A few days ago I went and registered the domain dashto.cc and created a really quick-n-dirty URL shortening site.
A URL shortening service takes any URL and "shortens" it. The website TinyURL is the most famous. It's being used everywhere around the web, from blog posts to tweets. Since the creation of TinyURL there have been numerous copy-cat sites.
What I really wanted to talk about briefly was how these services work. It's probably not too to difficult to figure out. Basically you have a database table with an ID field and a URL field. When someone requests a URL with an ID, you map it to the URL and perform the redirect.
But notice how these sites are using the base 36 number system rather then base 10 (our decimal system). This makes it possible to create very short URLs even when the ID's in the database are huge. Base 36 is most convenient because it can be encoded using plain ASCII characters 0-9 and (case insensitive) letters A-Z. Using base 36 we can represent an ID of 1000000 (1 million) as "LFLS" which is both shorter, and easier to write out then a long series of numbers.

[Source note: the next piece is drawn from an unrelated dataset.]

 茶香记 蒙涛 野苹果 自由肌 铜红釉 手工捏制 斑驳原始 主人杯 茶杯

Since it is easy to convert between base 36 and base 10 (using PHP's built-in base_convert function), we can still take advantage of the efficient indexes database systems have to offer on integers.
-
$base10 = 1000000;
-
-
$base36 = 'ceft';
(Even more efficient might be to use base 64 which makes a distinction between upper and lower-case letters, but that is less user-friendly/portable.)

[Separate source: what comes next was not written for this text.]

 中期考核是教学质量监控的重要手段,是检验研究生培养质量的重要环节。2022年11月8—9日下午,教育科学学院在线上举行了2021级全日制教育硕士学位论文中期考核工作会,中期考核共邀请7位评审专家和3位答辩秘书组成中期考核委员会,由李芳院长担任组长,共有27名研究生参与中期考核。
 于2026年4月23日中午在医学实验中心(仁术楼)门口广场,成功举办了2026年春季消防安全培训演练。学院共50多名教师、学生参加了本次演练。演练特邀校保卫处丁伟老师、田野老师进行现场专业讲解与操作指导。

Have you ever thought of using base 36 to encode your ID's? Do you think it is really any more user-friendly than decimal numbers? One might argue it's less user friendly because you introduce ambiguous characters like 1/i and 0/O. But certainly for some cases it is something to consider.
Just some food for thought!
December 21st, 2009 at 10:29 pm
Nice post, you made one mistake though: base 62 makes a distinction between upper and lower-case letters base 64 adds two more chars (not to confuse with base64_*).
Regarding the ambiguous chars you can strip down those chars and use a smaller base (like base 52).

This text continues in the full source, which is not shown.